**ASSIGNED TASK**. Omit all pictures. Copy exactly the lines from the line containing "The quantized free" to the end of the listing, with both ends included.

**SUPPLIED INFORMATION**.
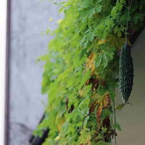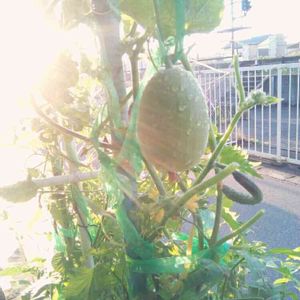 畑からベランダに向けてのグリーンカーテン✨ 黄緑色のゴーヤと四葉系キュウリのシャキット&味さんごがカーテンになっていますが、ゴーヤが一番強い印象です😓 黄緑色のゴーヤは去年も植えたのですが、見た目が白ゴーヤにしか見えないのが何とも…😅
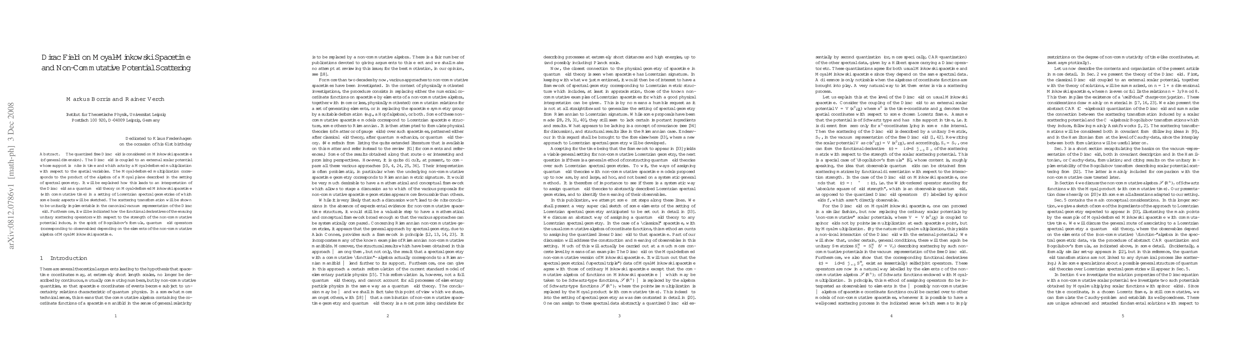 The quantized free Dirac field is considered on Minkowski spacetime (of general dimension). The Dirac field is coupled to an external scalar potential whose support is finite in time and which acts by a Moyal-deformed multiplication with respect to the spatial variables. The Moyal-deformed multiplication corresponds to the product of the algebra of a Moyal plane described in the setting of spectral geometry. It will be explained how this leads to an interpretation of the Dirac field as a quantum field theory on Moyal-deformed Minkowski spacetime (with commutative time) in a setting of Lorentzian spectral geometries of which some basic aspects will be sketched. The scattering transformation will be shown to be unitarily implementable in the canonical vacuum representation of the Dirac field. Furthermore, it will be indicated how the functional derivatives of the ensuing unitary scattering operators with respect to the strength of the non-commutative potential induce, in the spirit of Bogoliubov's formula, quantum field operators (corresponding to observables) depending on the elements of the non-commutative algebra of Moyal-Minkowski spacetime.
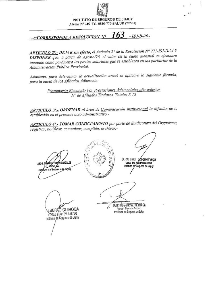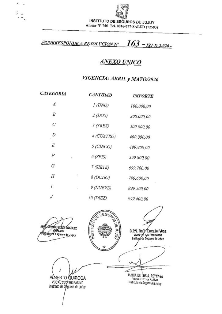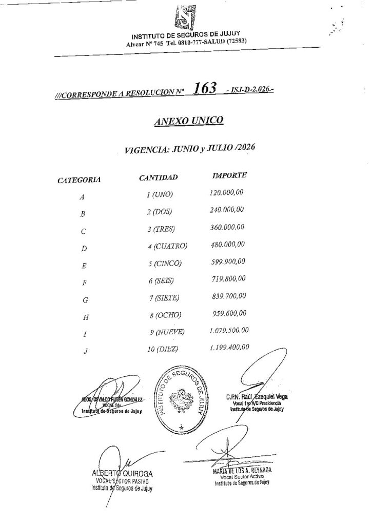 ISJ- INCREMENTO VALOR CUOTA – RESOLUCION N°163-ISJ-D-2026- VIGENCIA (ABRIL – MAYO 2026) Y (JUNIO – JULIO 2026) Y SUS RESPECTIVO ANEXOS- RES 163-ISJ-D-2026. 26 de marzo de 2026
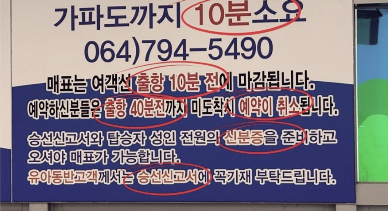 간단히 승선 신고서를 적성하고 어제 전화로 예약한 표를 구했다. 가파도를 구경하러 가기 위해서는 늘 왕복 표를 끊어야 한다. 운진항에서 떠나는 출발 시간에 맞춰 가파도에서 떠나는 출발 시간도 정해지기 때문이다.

**SOLUTION TO THIS EXERCISE**.
 The quantized free Dirac field is considered on Minkowski spacetime (of general dimension). The Dirac field is coupled to an external scalar potential whose support is finite in time and which acts by a Moyal-deformed multiplication with respect to the spatial variables. The Moyal-deformed multiplication corresponds to the product of the algebra of a Moyal plane described in the setting of spectral geometry. It will be explained how this leads to an interpretation of the Dirac field as a quantum field theory on Moyal-deformed Minkowski spacetime (with commutative time) in a setting of Lorentzian spectral geometries of which some basic aspects will be sketched. The scattering transformation will be shown to be unitarily implementable in the canonical vacuum representation of the Dirac field. Furthermore, it will be indicated how the functional derivatives of the ensuing unitary scattering operators with respect to the strength of the non-commutative potential induce, in the spirit of Bogoliubov's formula, quantum field operators (corresponding to observables) depending on the elements of the non-commutative algebra of Moyal-Minkowski spacetime.
 ISJ- INCREMENTO VALOR CUOTA – RESOLUCION N°163-ISJ-D-2026- VIGENCIA (ABRIL – MAYO 2026) Y (JUNIO – JULIO 2026) Y SUS RESPECTIVO ANEXOS- RES 163-ISJ-D-2026. 26 de marzo de 2026
 간단히 승선 신고서를 적성하고 어제 전화로 예약한 표를 구했다. 가파도를 구경하러 가기 위해서는 늘 왕복 표를 끊어야 한다. 운진항에서 떠나는 출발 시간에 맞춰 가파도에서 떠나는 출발 시간도 정해지기 때문이다.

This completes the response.